### Data segment
════════

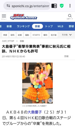 【懐古】12年前AKB48大島優子が紅白歌合戦で卒業発表した時どんな感じだった?
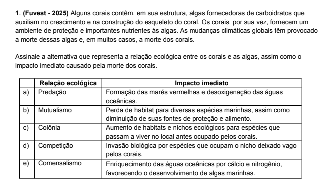 ambas as espécies que interagem obtêm benefícios. As mudanças climáticas globais causam a morte de corais, que servem de abrigo, proteção e alimento para outras espécies, portanto, a sua morte leva a diversos impactos para outras espécies. - (Ufpr – 2025) [C]
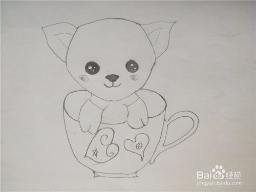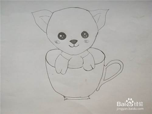 最后对茶杯进行美化,画出一些花纹和图案即可,这样我们就将茶杯犬画好啦,如图所示。

════════

### Goal of the exercise
The listing above should be returned word for word, with pictures omitted.

### Result of this exercise
 【懐古】12年前AKB48大島優子が紅白歌合戦で卒業発表した時どんな感じだった?
 ambas as espécies que interagem obtêm benefícios. As mudanças climáticas globais causam a morte de corais, que servem de abrigo, proteção e alimento para outras espécies, portanto, a sua morte leva a diversos impactos para outras espécies. - (Ufpr – 2025) [C]
 最后对茶杯进行美化,画出一些花纹和图案即可,这样我们就将茶杯犬画好啦,如图所示。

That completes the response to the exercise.